I could never keep the thing mounted tightly to the hive, the bees were always finding another way around it. Even when they were determined to go through the stripper plate, they had a heck of a time squeezing in. Also, ants in the drawer!


----------



## tecumseh (Apr 26, 2005)

thanks d cross. I should say my experience with the bb traps is a bit like yours. I found that the depth that you screwed in the little L shaped hooks had a great deal to do with how tightly the trap fit. still in the end (actually from the get-go) I had to use a good bit of duck tape to keep the entire rig from being way too porous to catch any pollen. ants can be a problem here but just about all my hives are on pipe stands so this problem is minimized... but you are quite right the tray are great attractants for pest. even with those expensive sundance traps this problem would be evident.


----------



## Keith Benson (Feb 17, 2003)

Anyone tried these: http://www.brushymountainbeefarm.com/products.asp?pcode=509

Keith


----------



## Troy (Feb 9, 2006)

I had not tried that, but I love my Sundance II Top mount pollen traps.

It is truly amazing how much pollen they'll bring in.

On a few record days I got almost a pound a day. Most days I got between 1/3 to 1/2 lb per day.

The top mount also minimizes the hive debris that gets in there. The pollen is clean, warm, and smells wonderful as you pull it off the hive. 

Kind of smells like fresh baked bread to me.


----------



## Keith Benson (Feb 17, 2003)

Are these traps on top of supers too?

Keith


----------



## BeeAware (Mar 24, 2007)

I put mine in 1 lb honey jars (plastic) and store them in the freezer. This jar full of pollen weighs 8 oz which I sell for $7.00. Have a few regulars who purchase this pollen. I also place an attractive pollen label on the jar with name, address and email etc.


----------



## Troy (Feb 9, 2006)

Keith, Yeah it has to be on top. When I was collecting pollen earlier this spring I did not have any supers on the hive, but certainly you could.

Do a search on beesource about the Sundance II pollen trap. The original Sundance fit on the lower entrance, but the Sundance II fits on top. Most everybody who has used the Sundance II loves it.

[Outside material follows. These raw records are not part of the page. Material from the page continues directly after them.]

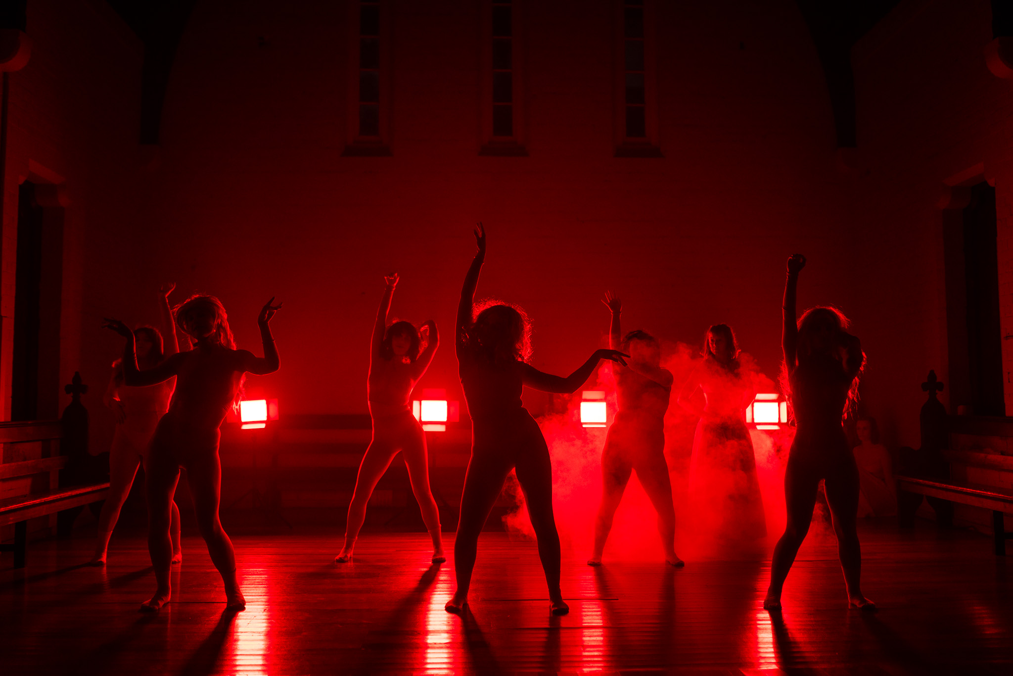 Directed and designed by Zen Zen Zo Artistic Director Indiah Morris, Blushing was a promenade performance by eight artists in the high-ceilinged hall of Fortitude Valley’s Holy Trinity Church. The audience shifted positions in the space, sitting or kneeling in the areas indicated by the artists. All four sides of the space were utilised, and the scene was set prior to entry as the audience gathered outside and were briefly, wordlessly engaged by the performers through gestures and eye contact.
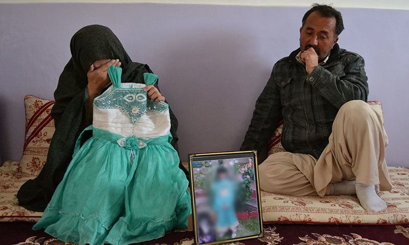 The parents of Sahar Batool, who was from the minority Hazara ethnic group and found dead at a garbage dump, mourn while holding their late daughter's dress in Quetta on November 7, 2014. -AFP photo
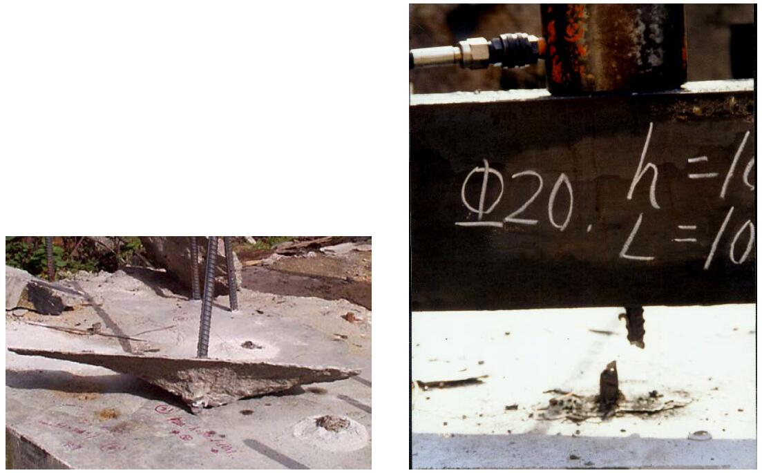 (1)混凝土锥形破坏面 (2)锚杆拔断
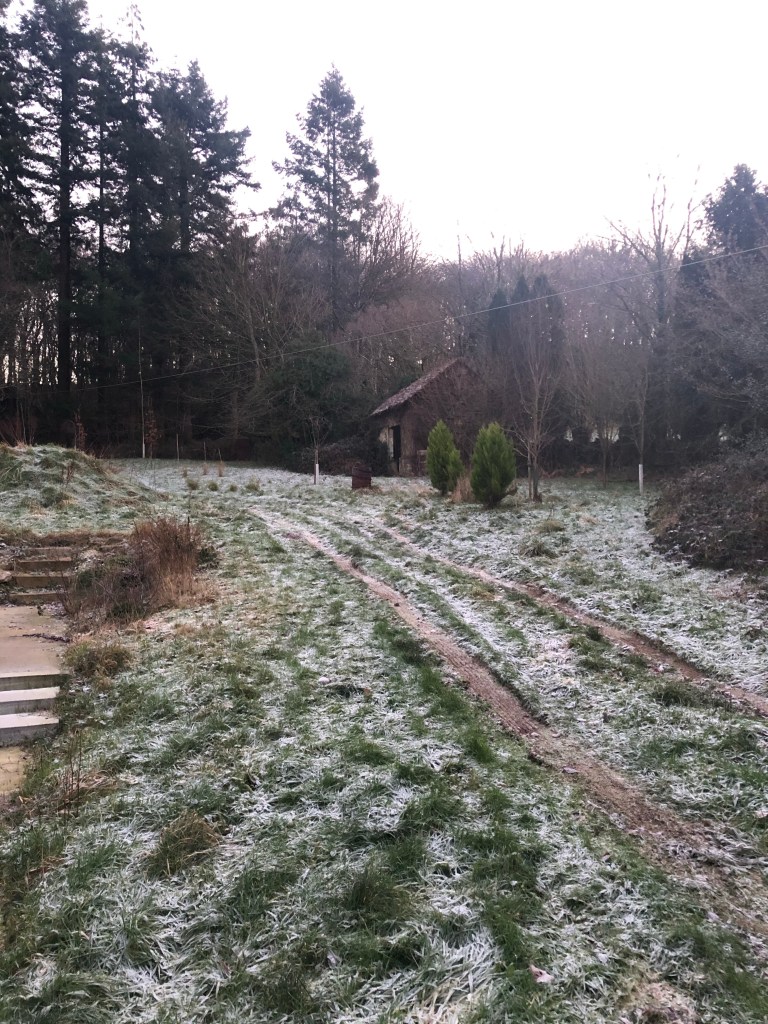 En arrivant, c’est toujours le givre qui blanchit le terrain… Il n’y a (malheureusement) plus de trace de la neige tombée la semaine dernière.
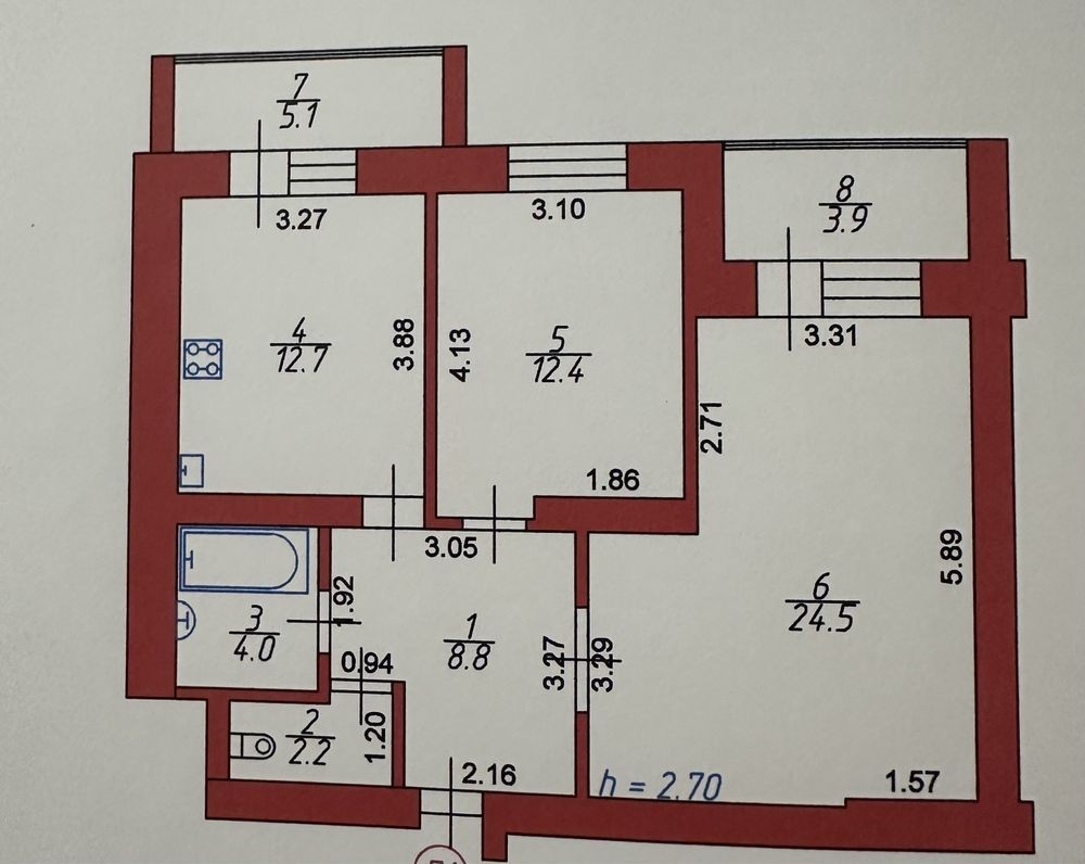 Площа кімнат 12,4 кв. м. і 24,5 кв. м

The only downside I see to the Sundance II is that you can't use a Queen excluder to keep the Queen out of the super as this will just trap the Drones below.

I suppose you could get 1 shallow super of drawn and mostly filled comb from another hive and then place that honey cap over the brood chamber. This would effectively keep the queen below while allowing the drones to escape. I've not tried this, if you do be sure to write back to let us know how it worked.


----------



## Troubler (May 10, 2011)

we sell $8.00 a pound and wholesale its @5.50- $6.50 a pound


----------